HOW THEN DO WE KNOW THAT A TREATMENT IS THE BEST
Only one way - through comparison of studies published in the leading peer reviewed medical journals, reading them carefully and allowing for changes in the definition of failure. You also must pay attention to and balance for such things as Stage, pre treatment PSA, Gleason, Length of follow-up, range of follow-up (anything less than five years minimum has little value), median or mean figures, the publication it was published in, how it was conducted, how much radiation was used, and other factors. (It appears that even the order in which treatments are given can alter the outcomes significantly.) The question becomes where can one learn how to do this and to make those adjustments. It is not easy and it takes years of reading of studies to fully understand what they say. If you don’t read the paper referred to above (2) you must either have this ability or know someone who does and regularly publishes comments on the various studies. There is only one place that you can consistently get this information and that is Prostate-Help on its web sites (4), Groups (5) and Conference/Chats (6). Yet, you must still do some reading and you must still pursue the truth in order to make a good, informed, decision for yourself.

TREATMENT CHOICES BASED ON???
We are fighting a life threatening disease. There is only one criterion that should be considered first and that is the chance of being cured and living a long life. If all else is equal in terms of disease freedom - then and only then should one consider the morbidities! If you die from this disease one really doesn't care what the morbidities might be. If you worry about becoming impotent and make your choice of treatment based on this one item - remember always that an erection on a corpse does you no good. (How good is sex after death? How good is sex when your bones are so fragile and the pain is so great from advanced disease that you can no longer have sex?) Try not to fall into the trap of making sub-optimal decisions. Sub-optimal decisions are those that are made to maximize the possibility of something happening that is less important than something else happening. In this case, making a decision based on having the highest probability of an erection, rather than the highest probability of being alive and well in ten years.

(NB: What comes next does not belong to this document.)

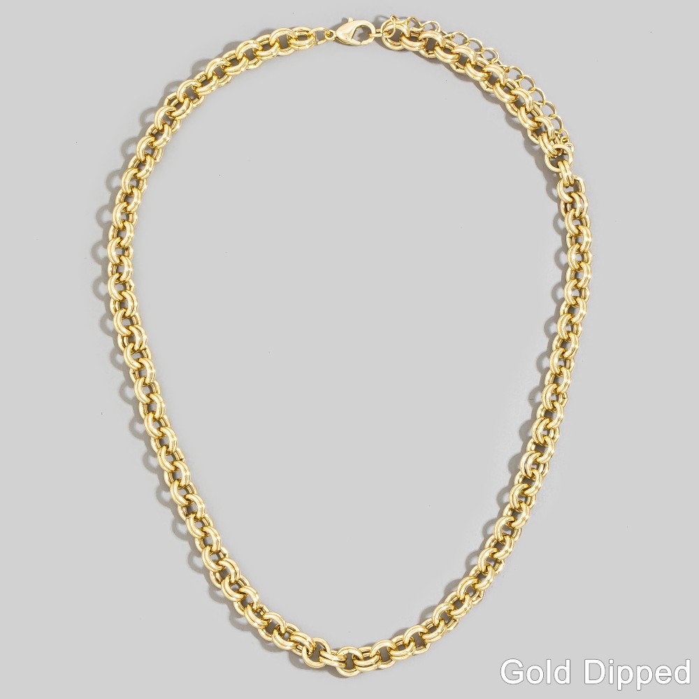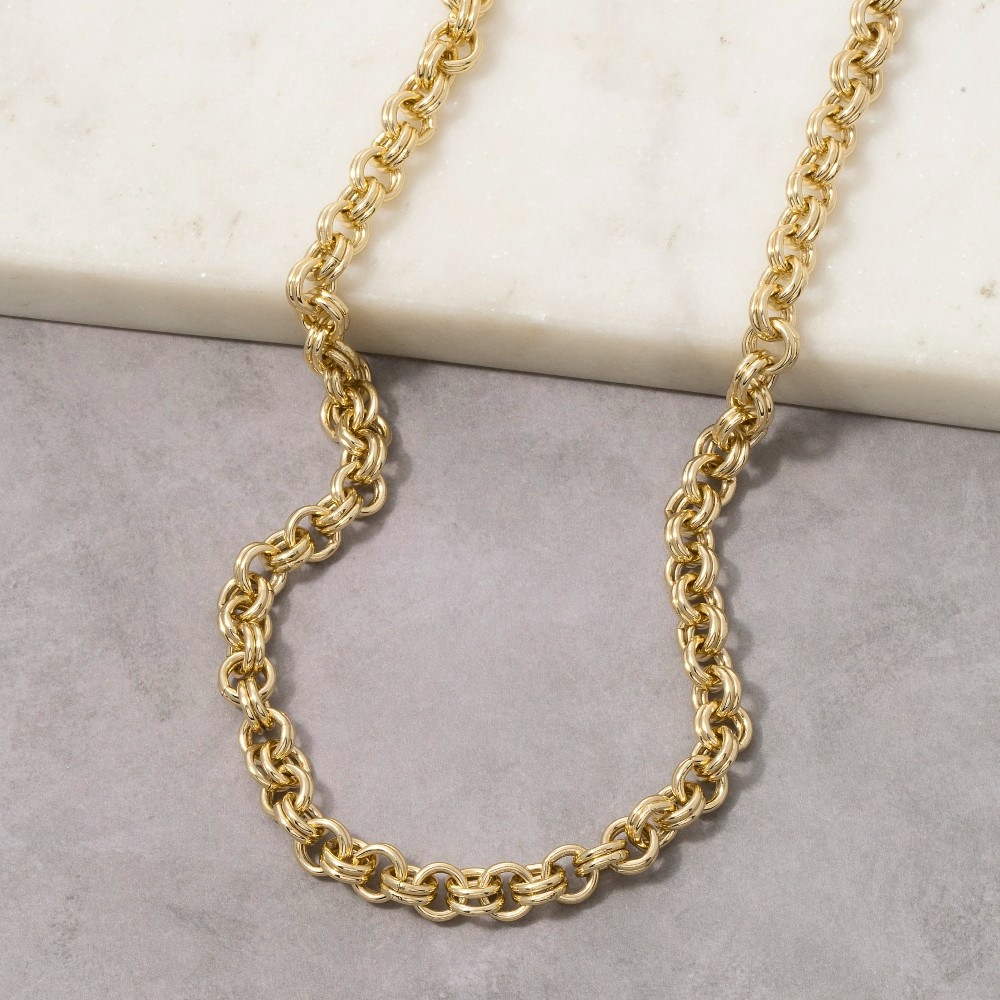 This piece is designed to be both stylish and functional, this chain necklace possesses a fine gold dipped double rolo design. A perfect addition to your wardrobe that effortlessly enhances your style. This item is sold in packs of 1.

DIAGNOSTIC TOOLS - ARE THEY USED CORRECTLY
Years ago Urologists bought ultrasound machines as their latest toy. They found that they could locate the prostate and could insert 4 needles, one in each section (we hope) for a biopsy. They were all stuck into a single dish and taken to the pathologist. Then they moved to 6 needles as that is what became common and today most of them are still doing 6 needles. However the world of biopsies has moved on to 10, 12 and 15 needles (or more) still using the same ultrasound machine. Those who are really expert may locate an area that looks suspiciously like a tumor and they insert a needle directly into the tumor. These docs are few and far between because most Urologists are probably doing well if they do one biopsy a month.

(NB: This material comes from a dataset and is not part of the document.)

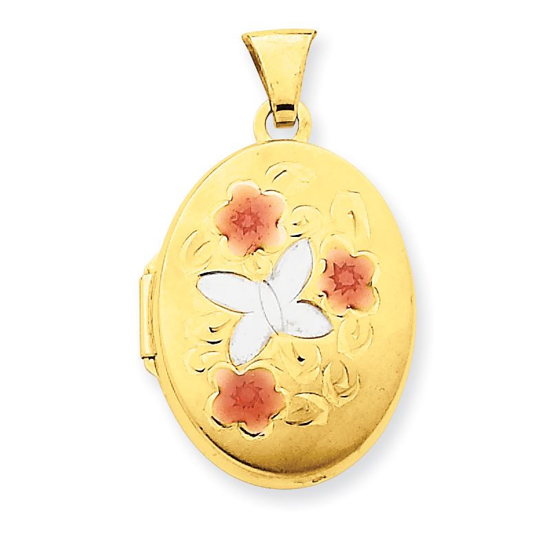 14k & Rhodium Enameled Butterfly & Flowers 21mm Oval Locket
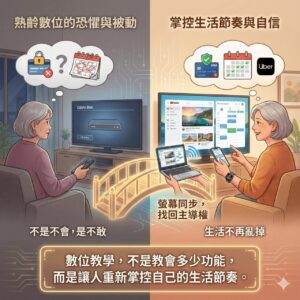 結合AI應用、數位工具教學與熟齡學習經驗,專注於中高齡與中小企業的數位轉型輔導,擅長從0到1建構數位素養。

Then we have the real experts like Dr. Fred Lee who uses Color Doppler to confirm the actual tumor before he biopsies. If he sees no suspicious areas - he does not do a biopsy. The point is that there are, at most, only a handful of real experts in the country. Is it worth the time, expense and effort to be examined by a real expert? That is a question that you must answer for yourself. At least try to find a urologist that is up to date. This probably means at least 12 needles. This certainly means keeping the needles separate, and clearly labeling the location of each stick in the prostate. Discuss this before the biopsy.

When does a visit to a real expert become paramount? Lets put it this way: Something is causing an elevated PSA. If infection and/or enlargement have been ruled out as causes, and a well done biopsy doesn’t find cancer, then what? Something is causing the elevated PSA, so it may take a real expert to find out if there is cancer present.

Tuesday, July 3, 2007

My theories - probably without basis!

Someone asked me what theories I had formed over the ten years that I have studies this disease. Below is my responce.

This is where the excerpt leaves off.